> [What is being asked]:
The copy must hold exactly the lines from the one with "வீதியில் இறங்கி போராட்ட" through the end of the listing below, and nothing else, with no pictures.

> [Given data]:
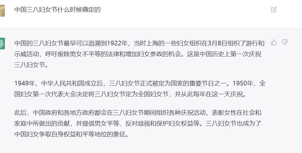 中国的三八妇女节最早可以追溯到1922年,当时上海的一些妇女组织在3月8日组织了游行和示威活动,呼吁废除男女不平等的法律和增加妇女参政的机会。这是中国历史上第一次庆祝三八妇女节。
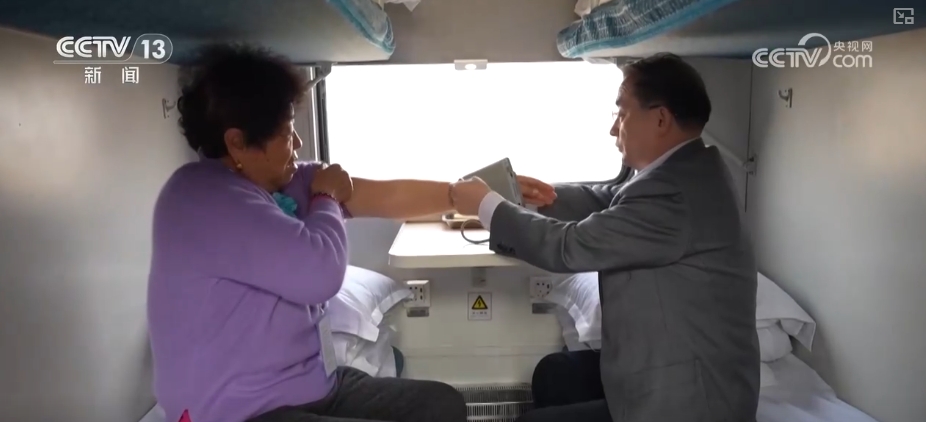 除了為重點老年旅客配備緊急呼叫定位器,銀發(fā)專列上還引入了適老化的AI智能旅行監(jiān)護設(shè)備,并安排兩名專業(yè)醫(yī)生全程車廂巡診,隨時為老年人提供健康管理服務(wù)。
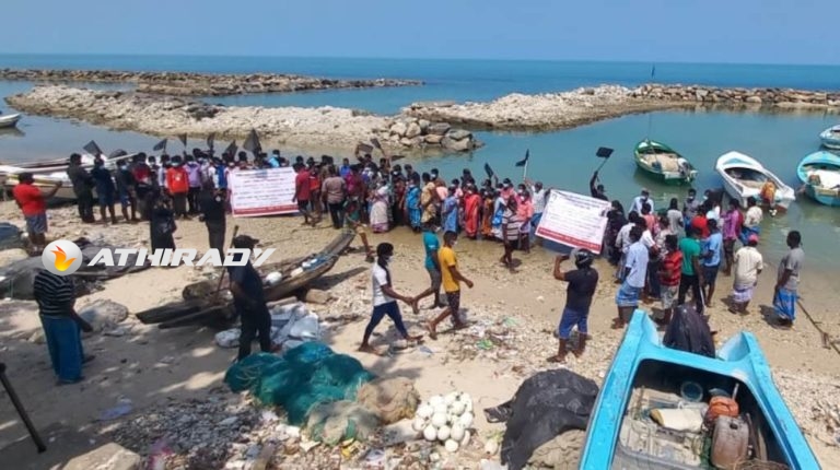 வீதியில் இறங்கி போராட்ட நீதிமன்றம் தடை – கடலில் இறங்கி போராடும் மீனவர்கள்! (படங்கள்)
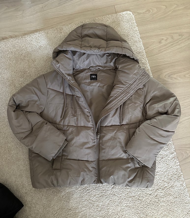 Zara Gri Kapüşonlu Kadın Mont

> [Output below]:
 வீதியில் இறங்கி போராட்ட நீதிமன்றம் தடை – கடலில் இறங்கி போராடும் மீனவர்கள்! (படங்கள்)
 Zara Gri Kapüşonlu Kadın Mont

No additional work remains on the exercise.